_What is expected_.
From the listing below, please restate exactly the lines beginning at the one with "Contains hazelnuts, milk, and" and ending at the one with "13% | 4.6/5 | 7 |", both included, and skip the pictures.

+++

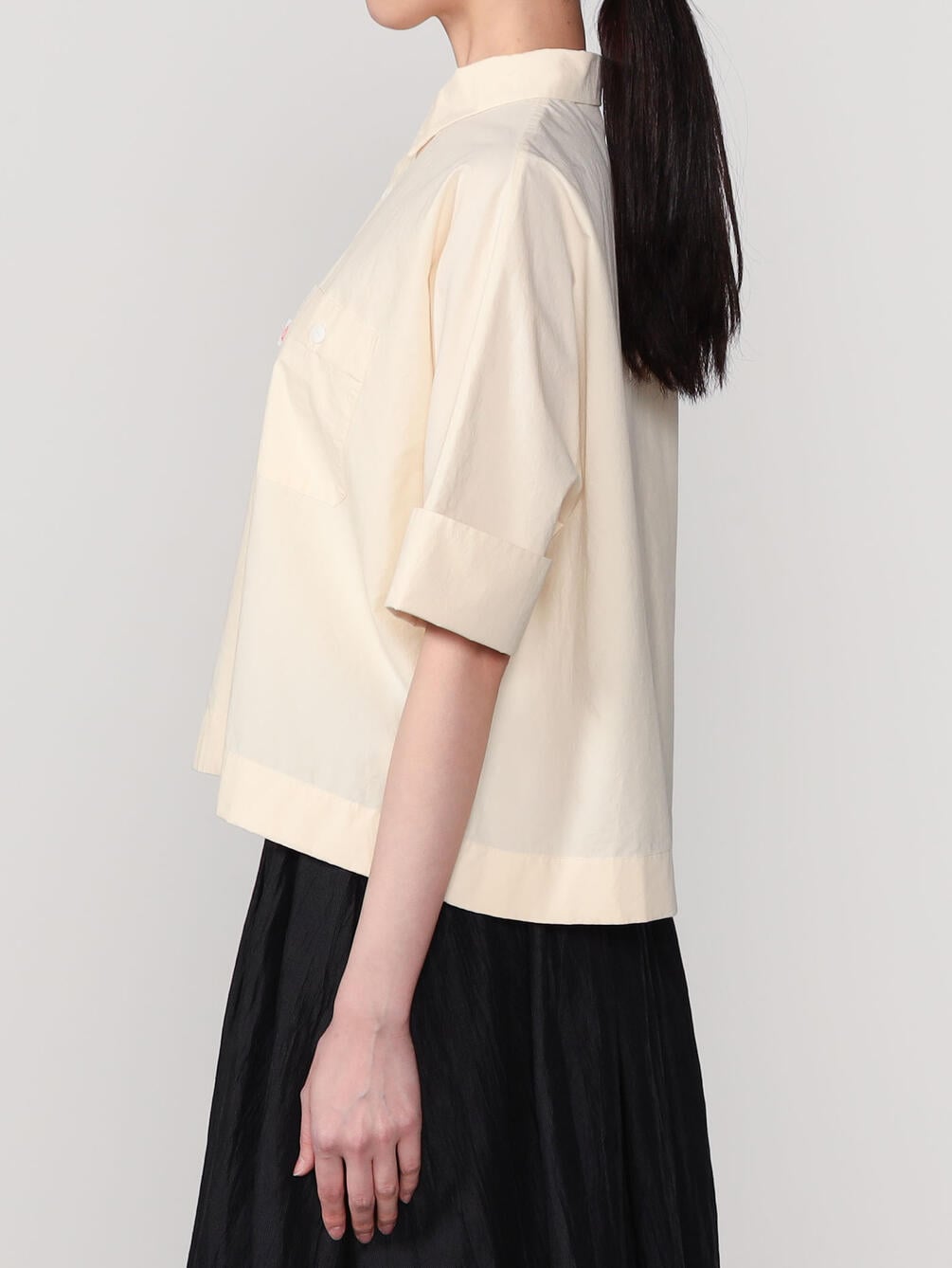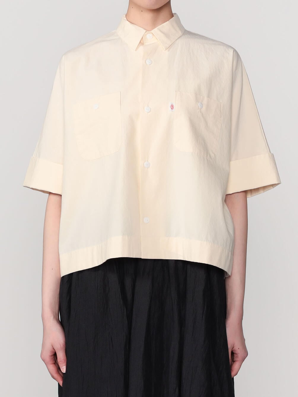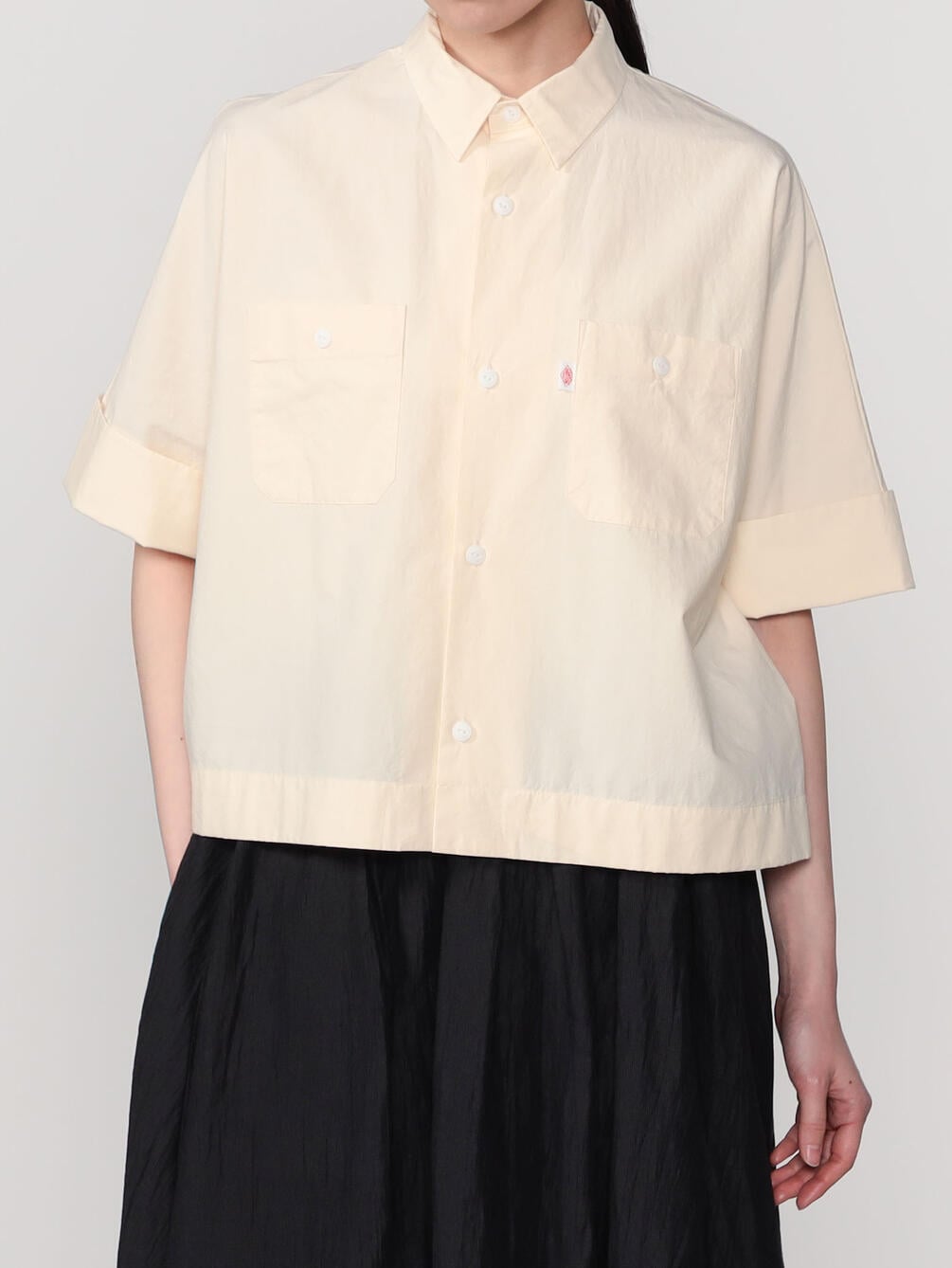 - ドルマンスリーブの半袖ワークシャツ
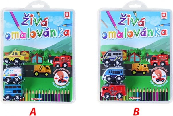 Ontdek een unieke set autootjes met kleurplaten die je kunt inkleuren naar jouw fantasie. De set bevat 3 mini autootjes met achteruitrij functie en kleurplaten met auto thema's.
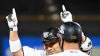 [OSEN=수원, 김성락 기자] KT가 약속의 8회를 앞세워 짜릿한 역전승을 챙겼다.KT 위즈는 27일 수원KT위즈파크에서 열린 2021 신한은행 SOL KBO리그 SSG 랜더스와의 시즌 10차전에서 6-4로 승리했다.승리가 확정된 순간 KT 허도환, 김재윤이
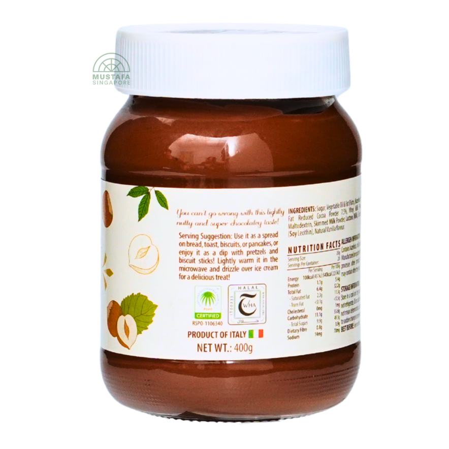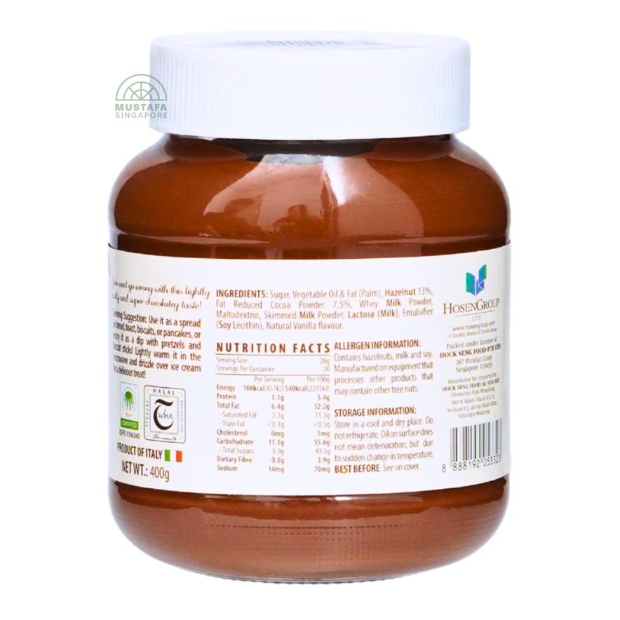 Contains hazelnuts, milk, and soy. May contain traces of other nuts.
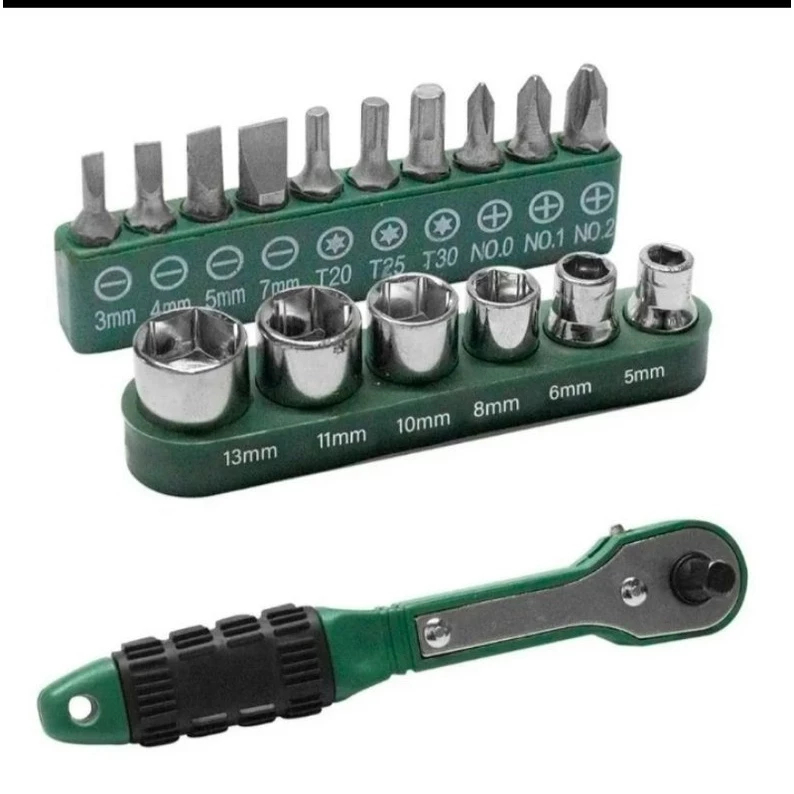 | Kit Jogo Chave Catraca Reversível 1/4 Soquetes Com Bits 17 Peças Mi... este produto | R$ 25,99 | 13% | 4.6/5 | 7 |
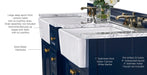 You just can’t take your eyes off our Adeline Collection. It conveys understated elegance that resonates the rich history of the farmhouse sink period. The large bathroom vanity with farmhouse sink is not only aesthetically pleasing, but also functional for your everyday use. In crafting the Adeline collection, no detail was overlooked - from selecting quality wood to using the most durable soft-close hardware. The vanity set includes: a furniture style cabinet, a farmhouse basin, an imported Italian Carrara white marble top, a 4” solid wood backsplash, solid wood dovetailed drawer boxes, slow closing doors/drawers, and satin brushed hardware. Being meticulously crafted, the Adeline Collection will be cherished by your family for generations to come.

+++

_Exercise answer_.
 Contains hazelnuts, milk, and soy. May contain traces of other nuts.
 | Kit Jogo Chave Catraca Reversível 1/4 Soquetes Com Bits 17 Peças Mi... este produto | R$ 25,99 | 13% | 4.6/5 | 7 |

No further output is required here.